Before moving into intervention, the participant was taught how to find the correct application and which video to choose on the iPad. The participant was then told that the video would pause at different steps of the skill, and after completing each step, he or she would need to press anywhere in the middle of the screen to move to the next step until the video was completely finished.
During the intervention, participants had access to a pencil, eraser, calculator, and the iPad with the VP video. The researcher read the following instructions: “You will now watch a video that will help you learn a skill. The video will pause after each step in the skill. When it pauses, you will need to complete the step you just watched. You can watch the video segment as many times as needed by pressing the back button once at the bottom of the screen. After you complete the step, press anywhere in the middle of the screen to continue to the next step.
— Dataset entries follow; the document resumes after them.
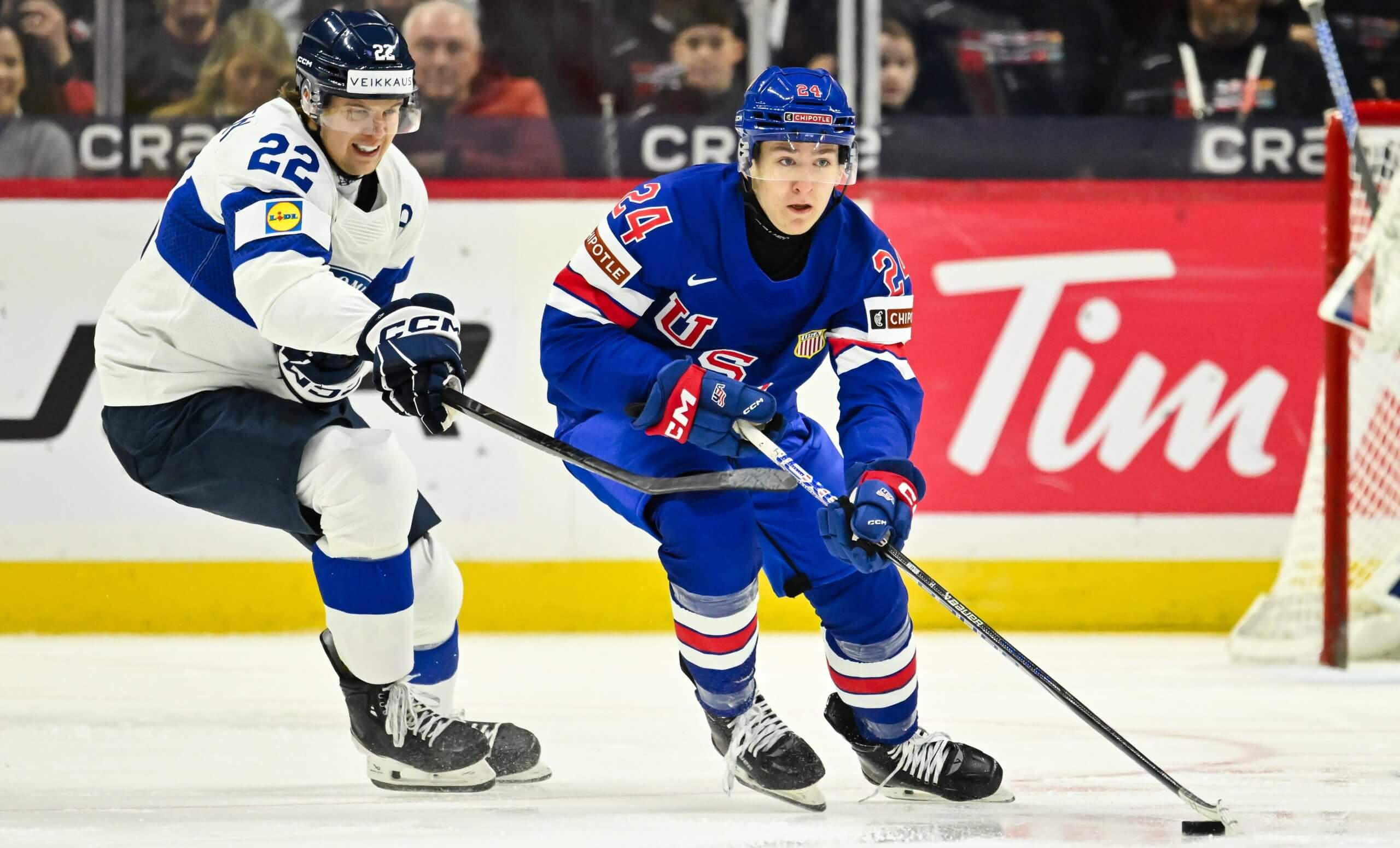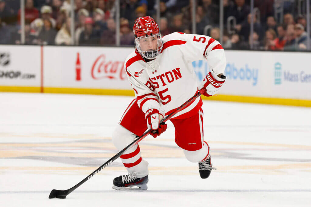He’s a plus-level skater and handler who plays an extremely involved game in all three zones, whether that’s activating into the rush or off the point, shaking pressure on exits or across/off the blue line (which he does extraordinarily well, making opposing players miss), working in and out of give-and-gos, or playing tight gaps against the rush. He’s a very busy player on both sides of the puck, and he gets in and out of his transitions and footwork so quickly that he can play that style. When he’s dialed in, applying pressure on and off the puck and using his feet and his skating to influence play, he can really impact a game in a lot of ways and take over play both offensively (with his activations and evasiveness in the offensive zone) and defensively (with his ability to swallow up top players). His shakes and deception have gone from a strength to a game-breaking quality. His head is always on a swivel. He opens up and walks the line to create lanes for his shot and pass so well, even working off his off-side. He side-steps past opposing players with ease. He has great hands (complemented by those inside edges and shoulder fakes). Some questioned his lack of physicality (with one scout even calling him soft) early on in his draft year but those questions have been emphatically answered in the last two years going to work on some of the more talented forwards in college hockey defensively in big moments — and top players at the World Juniors (I thought after a bit of an off start in this year’s tournament that he really elevated in the medal round and defended at a high level). He has learned that the faster he cuts off plays, the more he can play offense, and has really begun to take space more assertively defensively (on top of all of his stickwork and footwork). He’ll occasionally lose a battle in front or in the corner, but he defends at a high level in every other area, and his ability to shake and dance past and around coverage can really open up the offensive zone for his team when he’s out there.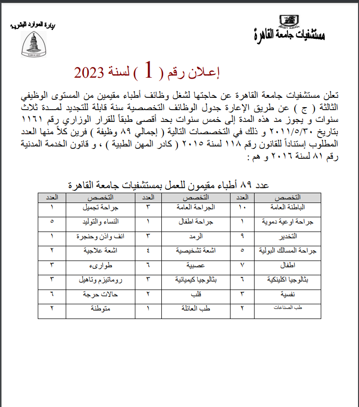 أعلن قسم المستشفيات جامعة القاهرة، عن وظائف شاغرة لأطباء مقيمين من المستوى الوظيفي الثالثة (ج) عن طريق الإعارة جدول الوظائف التخصصية سنة قابلة للتجديد لمدة ثلاث سنوات ويجوز مد هذه المدة إلى خمس سنوات بحد أقصى طبقًا للقرار الوزاري رقم 1161 بتاريخ 30/5/2011، وذلك لـ89 وظيفة طبيب مقيم للعمل بمستشفيات جامعة القاهرة، بداية من يوم 2023/01/25 حتى يوم 2023/02/08.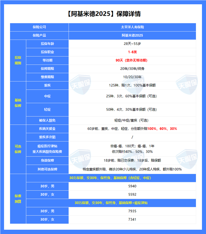 而且保障全面,价格低,可以毫不夸张地说,想买大公司重疾险,太平洋阿基米德2025就是目前的最优选了。

You will continue doing this until you learn the skill.” After receiving the instructions, the participant was given one of the percent-cost word problems randomly chosen and told to solve the problem using the VP intervention on the iPad. The task analysis data sheet based on the steps identified in Table 1 was filled out as the participant worked through the word problem. The participant was required to reach criterion at 100% for at least five consecutive sessions. After a participant reached criterion, the next randomly selected participant was able to move into the intervention phase.
If the participant needed an additional prompt to start the VP intervention after receiving the word problem, a verbal prompt could be given. If the participant did not know what to do when the video paused, after at least five seconds of wait time, the student would be prompted, “Now you do the step you saw in the video.” These reminders were not counted against the participant’s score.
Post-test
A month after a participant had reached criterion in the intervention phase, he or she was given a post-test, preceded by a probe with the VP intervention the day before. This final assessment was exactly the same as the pre-test, with the same procedures and problems. The post-tests were graded as either answering a question completely correct or completely incorrect. The post-test data were compared with the pre-test results to determine if the VP intervention had taught adolescent students with LD how to independently obtain the correct answer for percent-cost word problems when the VP intervention was not available to them.
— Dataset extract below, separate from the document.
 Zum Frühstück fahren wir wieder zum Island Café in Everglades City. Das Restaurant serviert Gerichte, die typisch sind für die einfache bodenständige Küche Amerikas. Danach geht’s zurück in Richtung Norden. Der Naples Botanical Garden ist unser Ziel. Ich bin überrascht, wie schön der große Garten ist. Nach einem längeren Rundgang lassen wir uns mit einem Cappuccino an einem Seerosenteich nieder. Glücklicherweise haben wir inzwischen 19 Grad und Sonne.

Although the main reason post-assessment results were reported was to determine whether the student could or could not perform the skill, the post-tests were also scored according to the task analysis to determine if the steps were maintained over time. However, scoring procedures differed slightly from the intervention phase. Post-assessments could be considered correct if a participant had switched the order of some steps: for example, rounding up the cost of the original item and then calculating the percentage in decimal form before accessing the calculator. Also, instead of raising a hand to offer an answer to a teacher, a participant could just write the final answer on the worksheet.
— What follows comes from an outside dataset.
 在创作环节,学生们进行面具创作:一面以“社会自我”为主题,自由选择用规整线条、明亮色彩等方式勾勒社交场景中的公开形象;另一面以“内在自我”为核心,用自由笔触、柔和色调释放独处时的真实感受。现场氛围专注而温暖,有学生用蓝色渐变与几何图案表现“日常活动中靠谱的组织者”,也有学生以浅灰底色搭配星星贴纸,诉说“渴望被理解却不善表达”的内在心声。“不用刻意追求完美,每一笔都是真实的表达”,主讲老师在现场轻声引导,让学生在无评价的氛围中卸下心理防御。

Interobserver agreement and treatment fidelity
An observer was present to record data during all sessions of the study. The first author, a classroom teacher, took the role of primary researcher. With consent, the teacher video recorded the participants during baseline and intervention phases. To determine interobserver agreement, a second observer watched the recorded videos and collected observational data for 50% of all sessions during baseline and intervention phases. The first observer’s results were validated by an interval agreement approach, which requires each step in the task to be recorded as either completed independently or not completed independently. If both observers recorded an item as completed, it was marked as an agreement. If both recorded an item as not completed, it was marked as an agreement. Any variation was marked as a disagreement. Inter-observer agreement would be found by dividing the number of agreements by the sum of the number of agreements and number of disagreements and multiplying by 100 to get a percentage of interobserver agreement for each session [23]. Sessions used for interobserver agreement were then averaged to obtain an overall interobserver agreement percentage. Using this approach, interobserver agreement was reported at 100%.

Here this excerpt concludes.